President Trump today ordered an end to DACA (Deferred Action for Childhood Arrivals), an Obama-era program that shields young undocumented immigrants from deportation, calling it an “amnesty-first approach” and urging Congress to pass a replacement before he begins phasing out its protections in six months.
This decision triggered a rare response from Obama on Facebook where he harshly criticized Trump on the move.
As early as March 2018, officials said, some of the 800,000 young adults brought to the United States illegally as children who qualify for the program will become eligible for deportation. The five-year-old policy allows them to remain without fear of immediate removal from the country and gives them the right to work legally.
President Trump denounced the policy, saying it helped spark a “massive surge” of immigrants from Central America, some of whom went on to become members of violent gangs like MS-13.
Officials said DACA recipients whose legal status expires on or before March 5 would be able to renew their two-year period of legal status as long as they apply by Oct. 5. But the announcement means that if Congress fails to act, immigrants who were brought to the United States illegally as children could face deportation as early as March 6 to countries where many left at such young ages that they have no memory of them.
Highlights from Obama’s Response
This decision prompted Obama to take to Facebook to express concern about what this decision means.
“Let’s be clear: the action taken today isn’t required legally.

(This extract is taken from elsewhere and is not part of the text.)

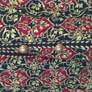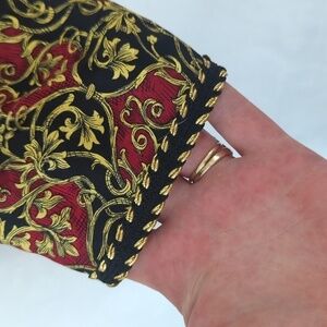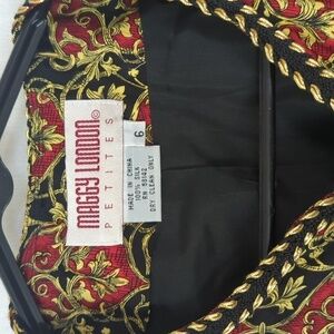 Maggy London Gold Red Black Damask Buttoned Cardigan Silk Size 6 Petite

It’s a political decision, and a moral question.Whatever concerns or complaints Americans may have about immigration in general, we shouldn’t threaten the future of this group of young people who are here through no fault of their own, who pose no threat, who are not taking away anything from the rest of us.”
“Kicking them out won’t lower the unemployment rate, or lighten anyone’s taxes, or raise anybody’s wages.”
Ultimately, this is about basic decency. This is about whether we are a people who kick hopeful young strivers out of America, or whether we treat them the way we’d want our own kids to be treated. It’s about who we are as a people – and who we want to be.